Macreadie and colleagues pose that question, noting that present attentions are focused mostly on protection and restoration—which are unquestionably important, as roughly half of all vegetated coastal habitats have been lost to development, sea level rise, and extreme weather events. But even more is possible. Optimizing existing blue carbon ecosystems offers "the potential to profoundly alter carbon accumulation and retention," write the researchers, "providing new and previously undervalued strategies for mitigating climate change."

The researchers focus on three key environmental processes that control carbon breakdown and sequestration in these habitats. The first is nutrient pollution, especially nitrogen and phosphorus released from agricultural fertilizers and sewage, which leads to microbe and algae population shifts that reduce the amount of carbon stored by ecosystems. As a case study, they point to a 12-year-long study of a South Carolina salt marsh where fertilizer runoff produced a 40 percent loss in carbon stored in sediments.
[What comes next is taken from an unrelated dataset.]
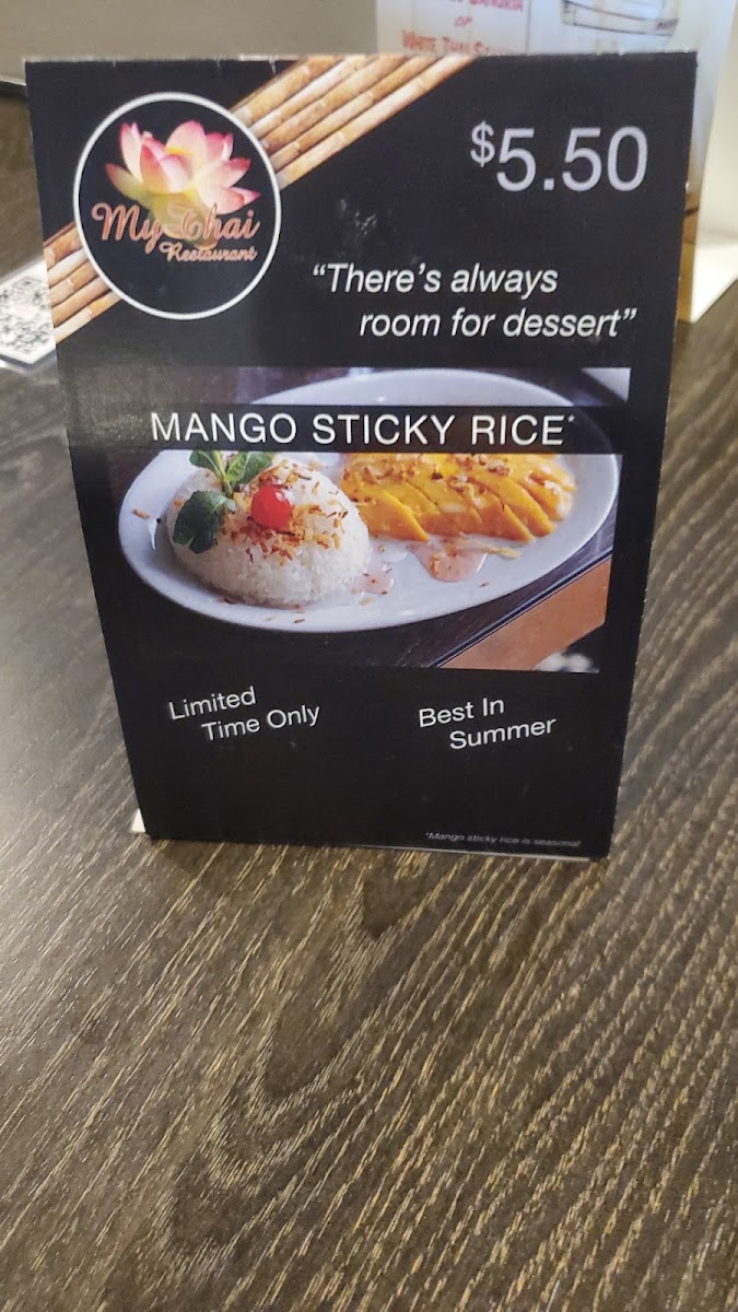 “ We tried sticky mango rice, padthai, and banana roll with ice cream. Sticky mango rice was authentic and it was out of the world. Highly recommended. Very polite customer service. Overall highly satisfied. ”

The second process is bioturbation, or the disturbance of sediments by shrimp, worms, crabs, and other organisms. Bioturbation sets off a cascade of other processes, and when bioturbators are present at relatively low densities, they enhance carbon storage. But at high densities, the opposite is true. Macreadie and colleagues note findings from New England, where an overharvesting of crab-eating fish led to an explosion of purple marsh crabs whose activity eroded salt marsh habitat. Those marshes became carbon sources, releasing about 6.6 tons of carbon per hectare annually. Where crab predators flourished, though, the marshes sequestered some 3.3 tons per hectare—a dramatic turnaround.